[Extracted data entries]
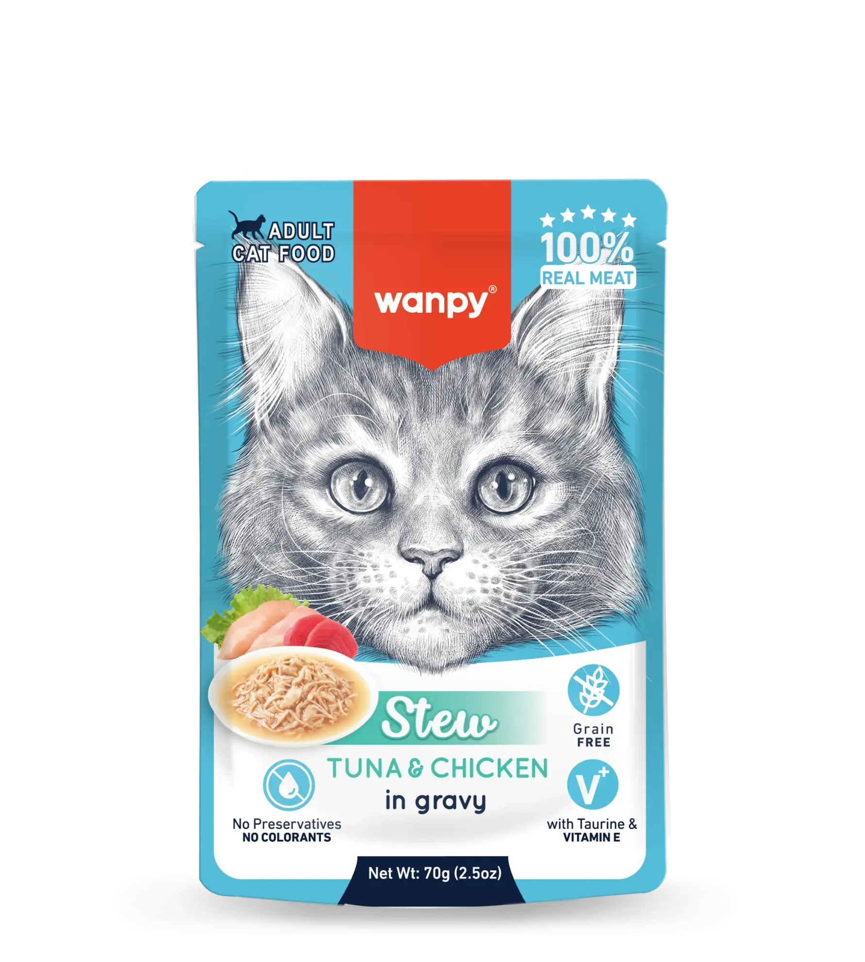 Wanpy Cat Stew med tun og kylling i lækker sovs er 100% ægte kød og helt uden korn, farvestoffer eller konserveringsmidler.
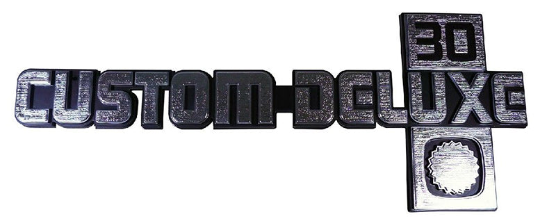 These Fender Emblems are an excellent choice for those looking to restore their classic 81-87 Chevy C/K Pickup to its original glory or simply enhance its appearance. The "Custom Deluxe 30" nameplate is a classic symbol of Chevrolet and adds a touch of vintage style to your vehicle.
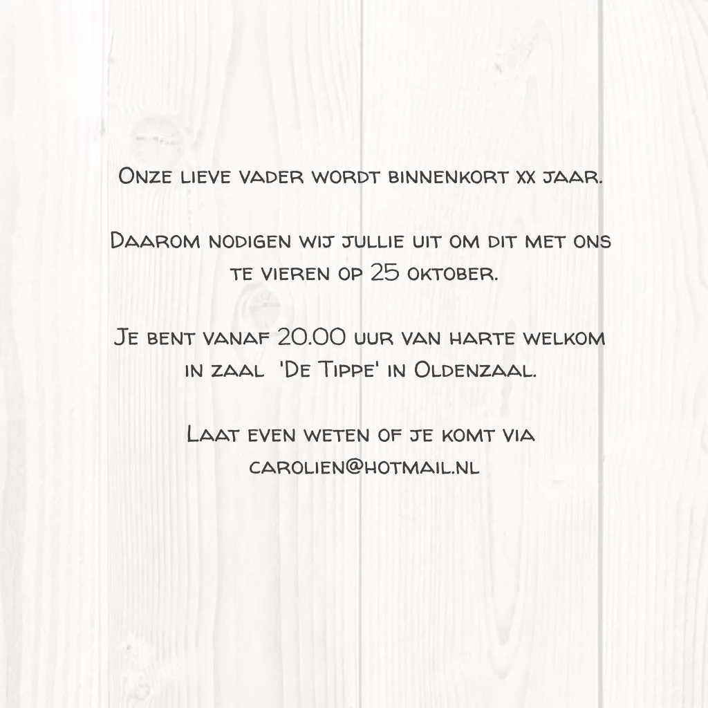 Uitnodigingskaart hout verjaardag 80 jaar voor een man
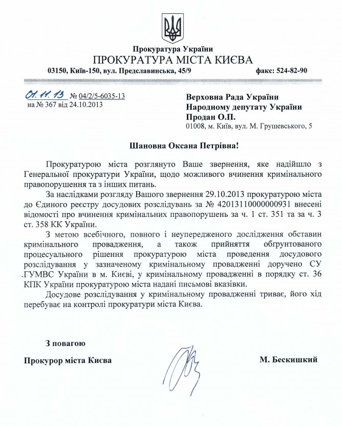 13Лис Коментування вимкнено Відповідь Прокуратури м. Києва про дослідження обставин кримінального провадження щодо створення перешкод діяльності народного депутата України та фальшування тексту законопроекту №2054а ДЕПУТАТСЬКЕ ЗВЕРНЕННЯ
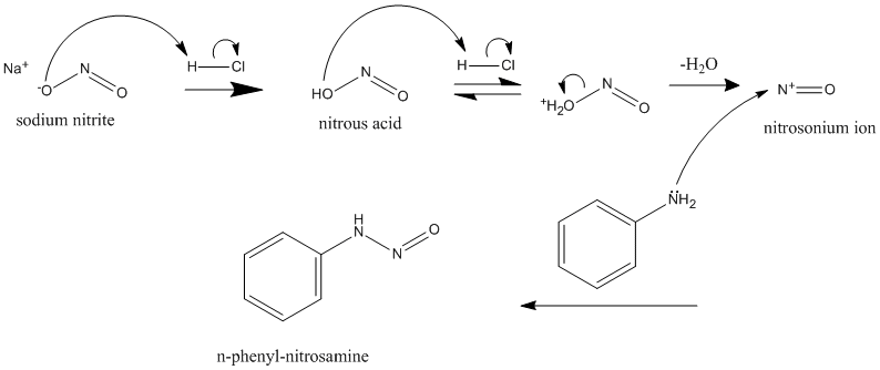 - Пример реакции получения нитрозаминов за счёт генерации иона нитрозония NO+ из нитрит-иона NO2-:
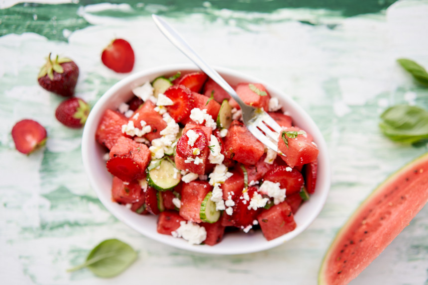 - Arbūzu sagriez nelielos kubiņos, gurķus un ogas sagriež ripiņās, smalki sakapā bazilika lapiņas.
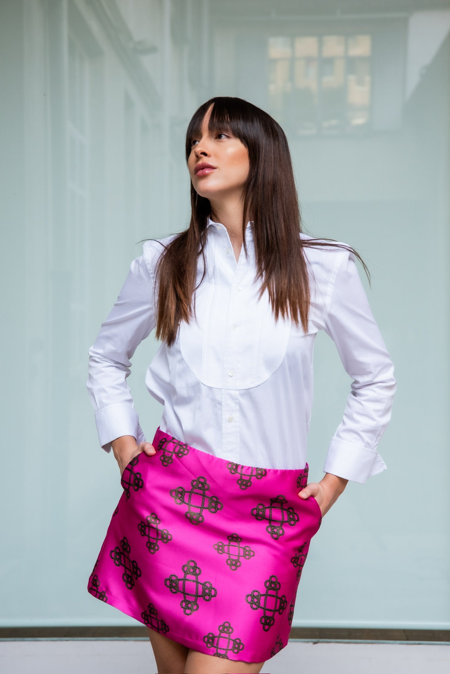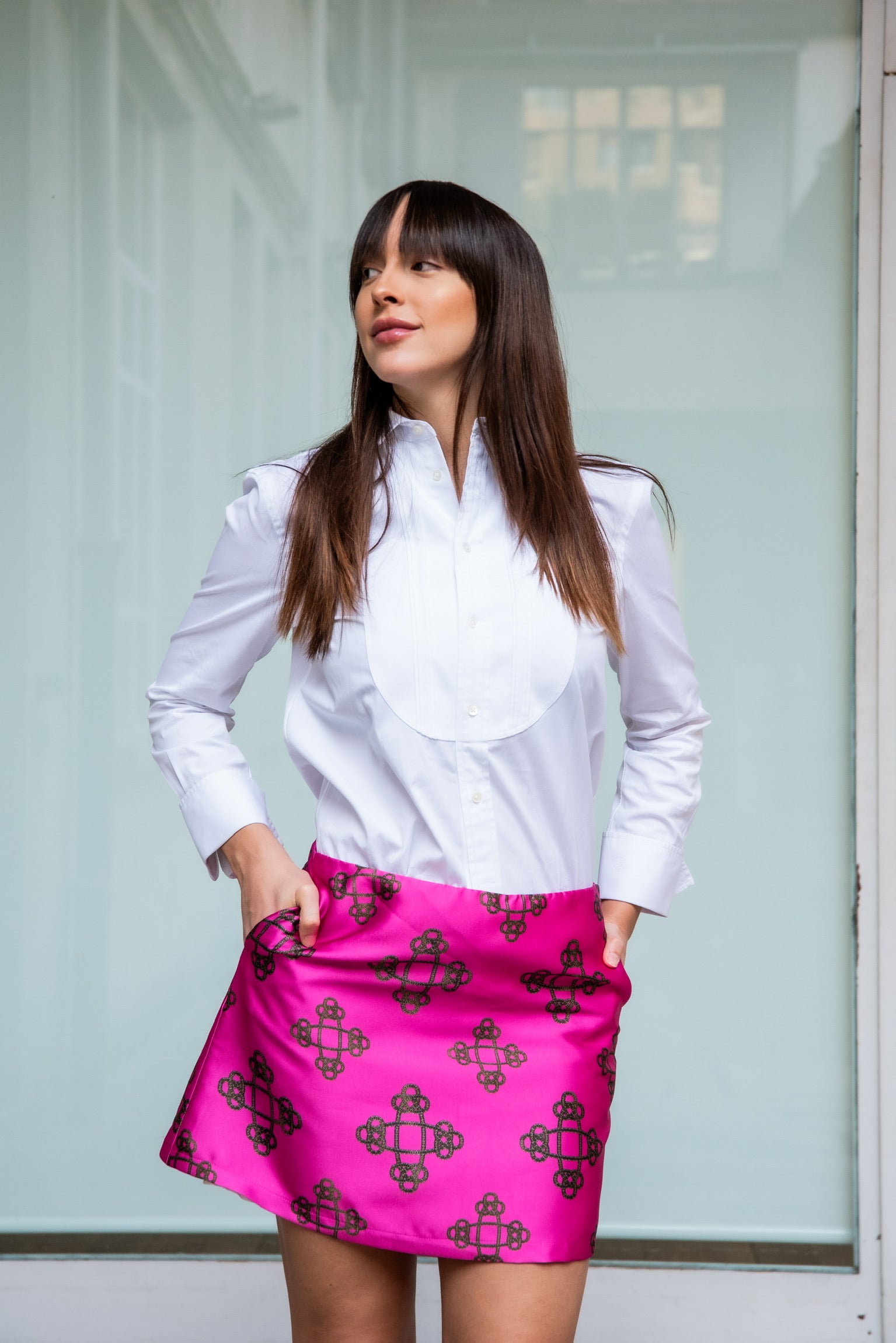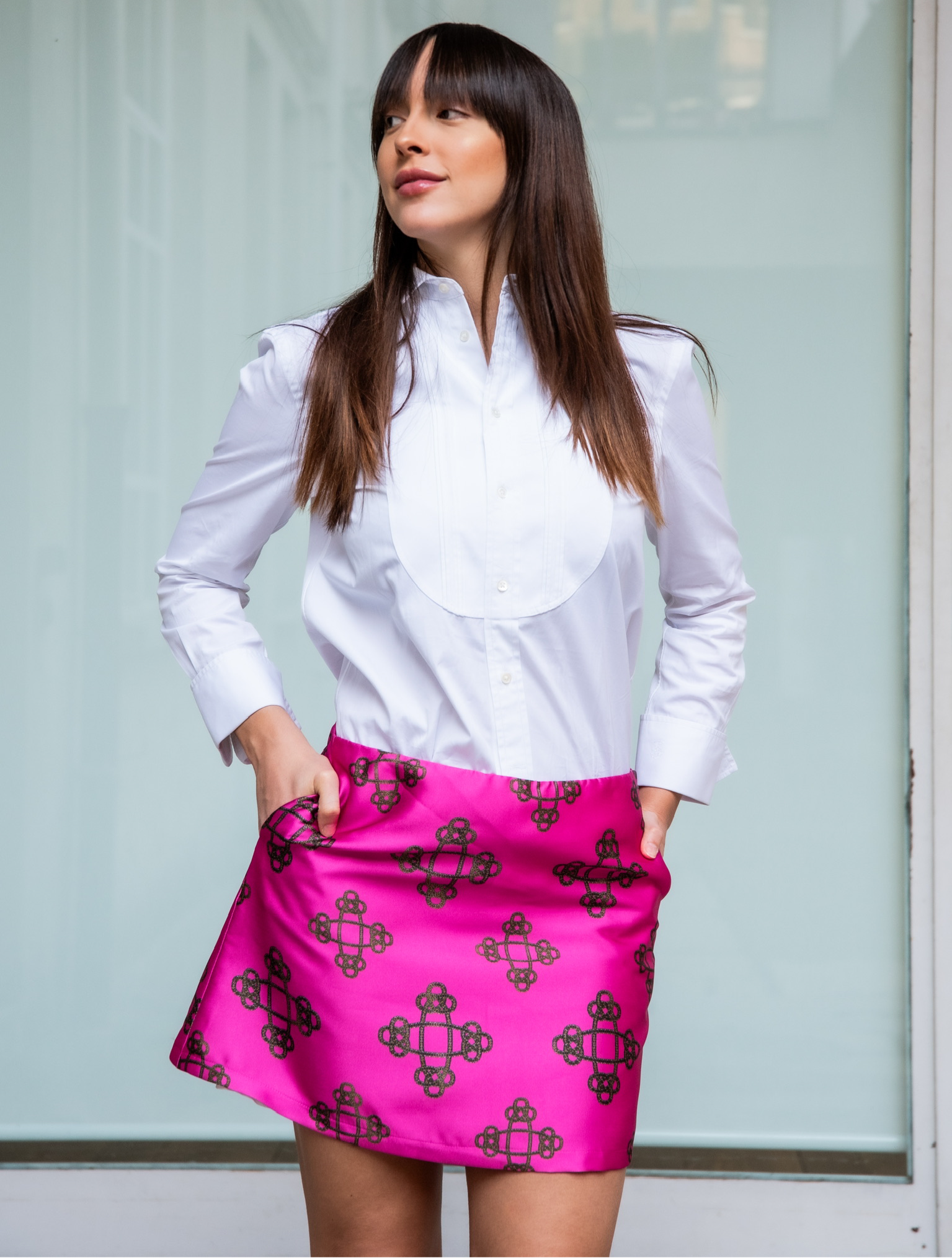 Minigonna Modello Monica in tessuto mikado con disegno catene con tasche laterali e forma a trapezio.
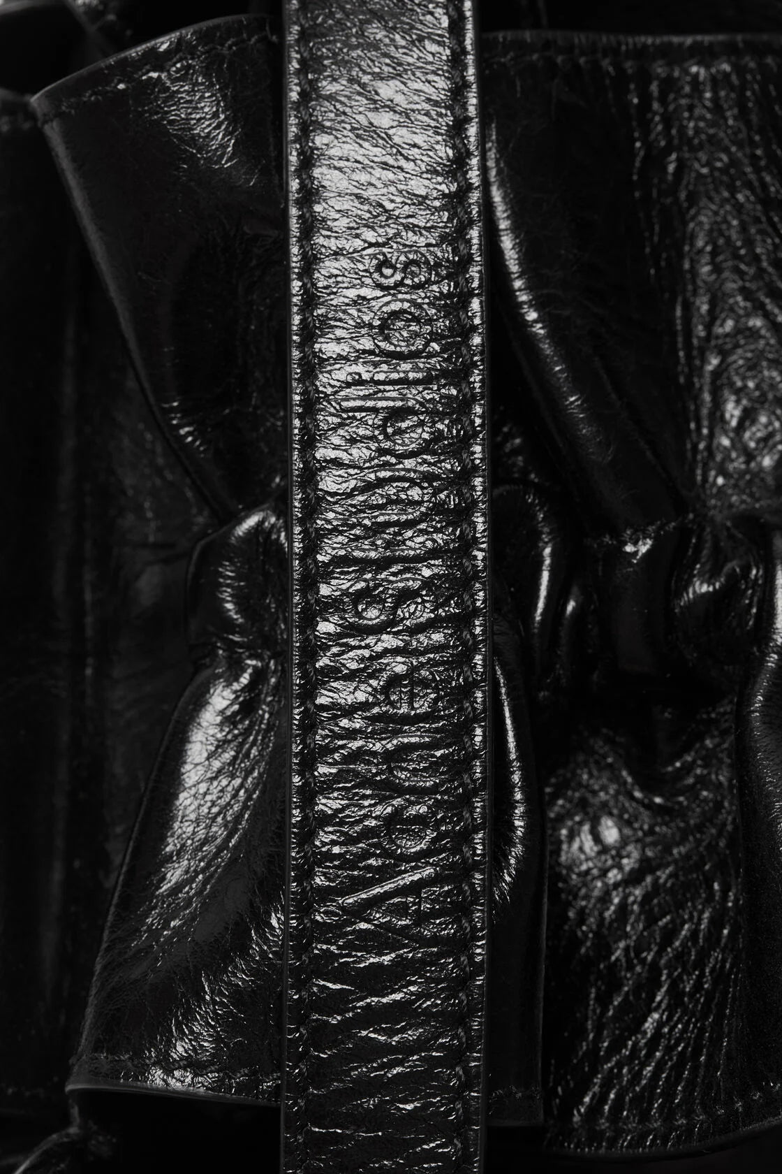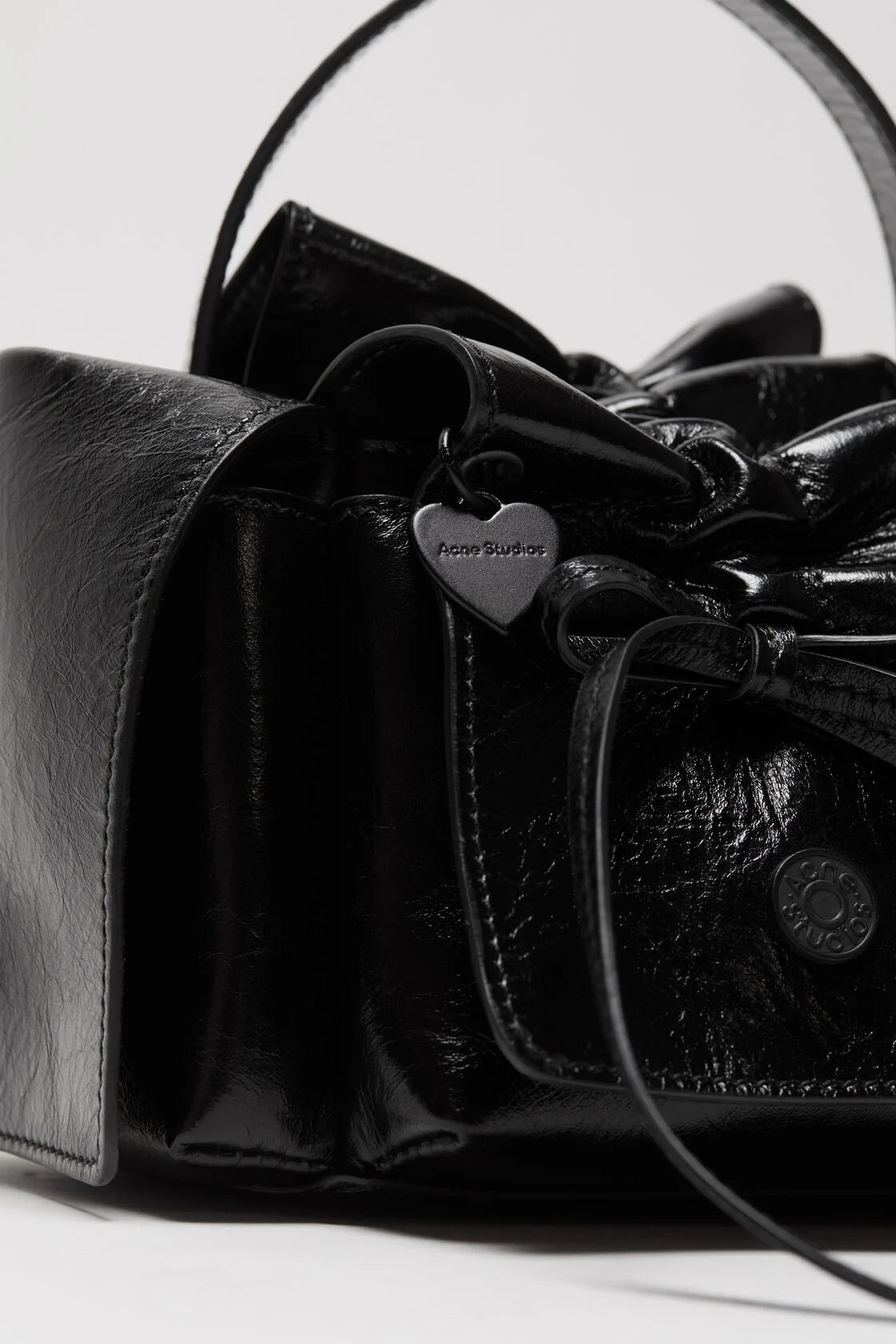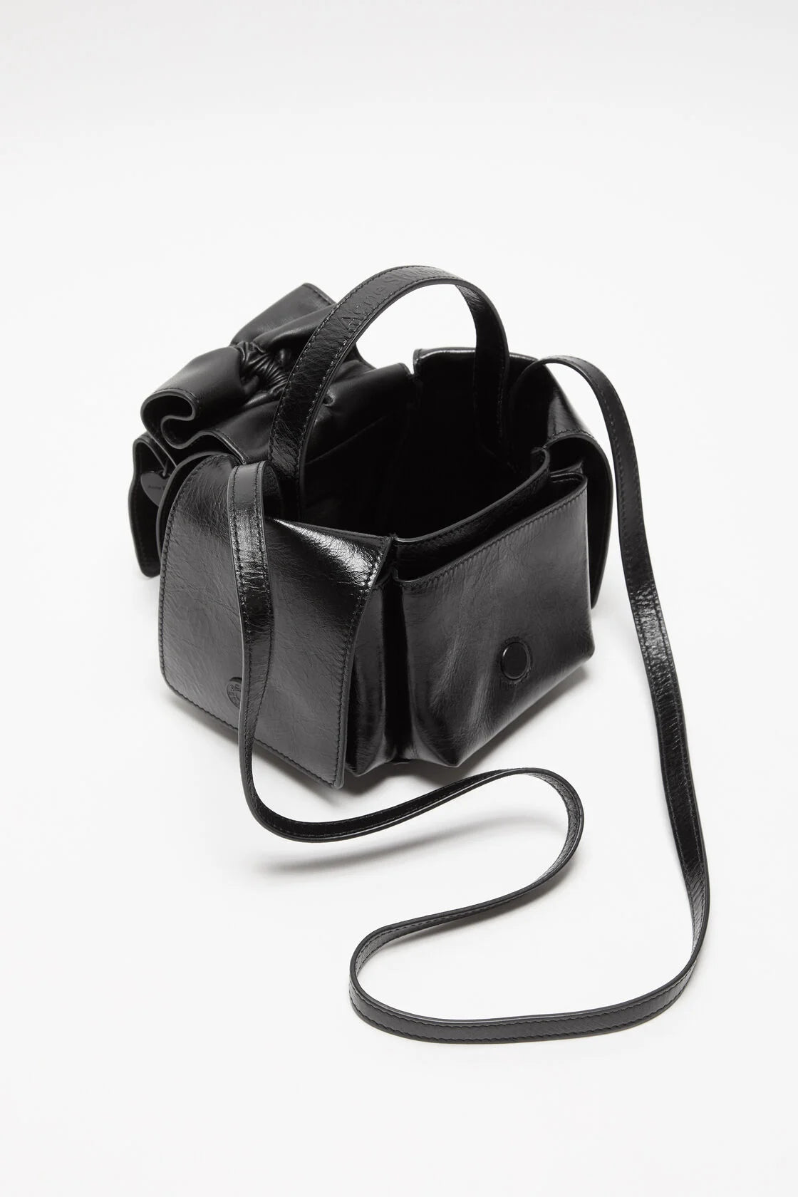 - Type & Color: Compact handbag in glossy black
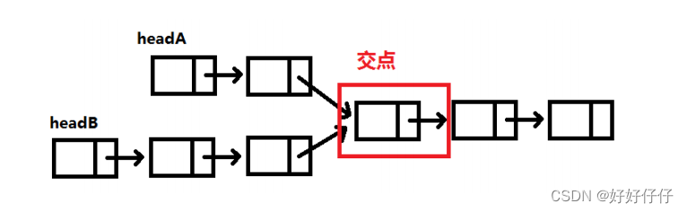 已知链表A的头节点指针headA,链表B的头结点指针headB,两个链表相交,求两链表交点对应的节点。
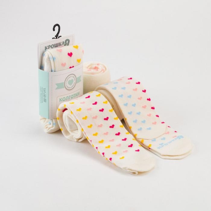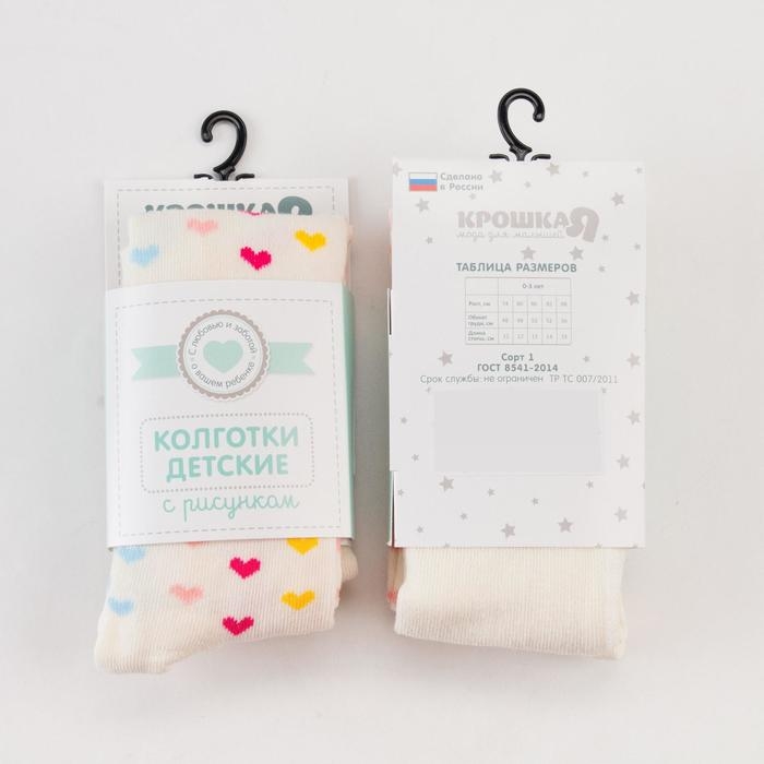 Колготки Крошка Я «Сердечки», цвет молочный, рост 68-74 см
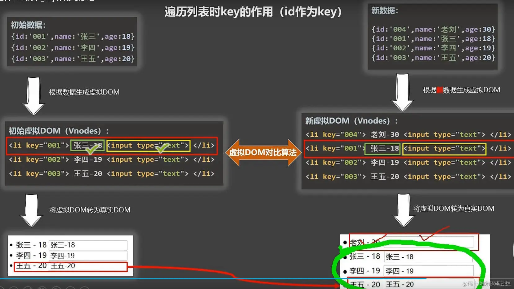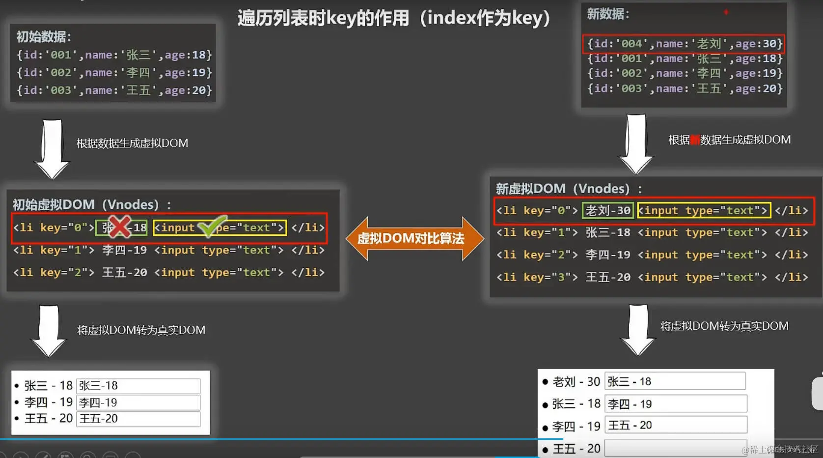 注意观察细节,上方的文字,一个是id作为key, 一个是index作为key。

What is needed
Look above for the line containing "These Fender Emblems", then write out every line from there down to the line containing "Uitnodigingskaart hout verjaardag", that line included, with no pictures.

Result for this exercise
 These Fender Emblems are an excellent choice for those looking to restore their classic 81-87 Chevy C/K Pickup to its original glory or simply enhance its appearance. The "Custom Deluxe 30" nameplate is a classic symbol of Chevrolet and adds a touch of vintage style to your vehicle.
 Uitnodigingskaart hout verjaardag 80 jaar voor een man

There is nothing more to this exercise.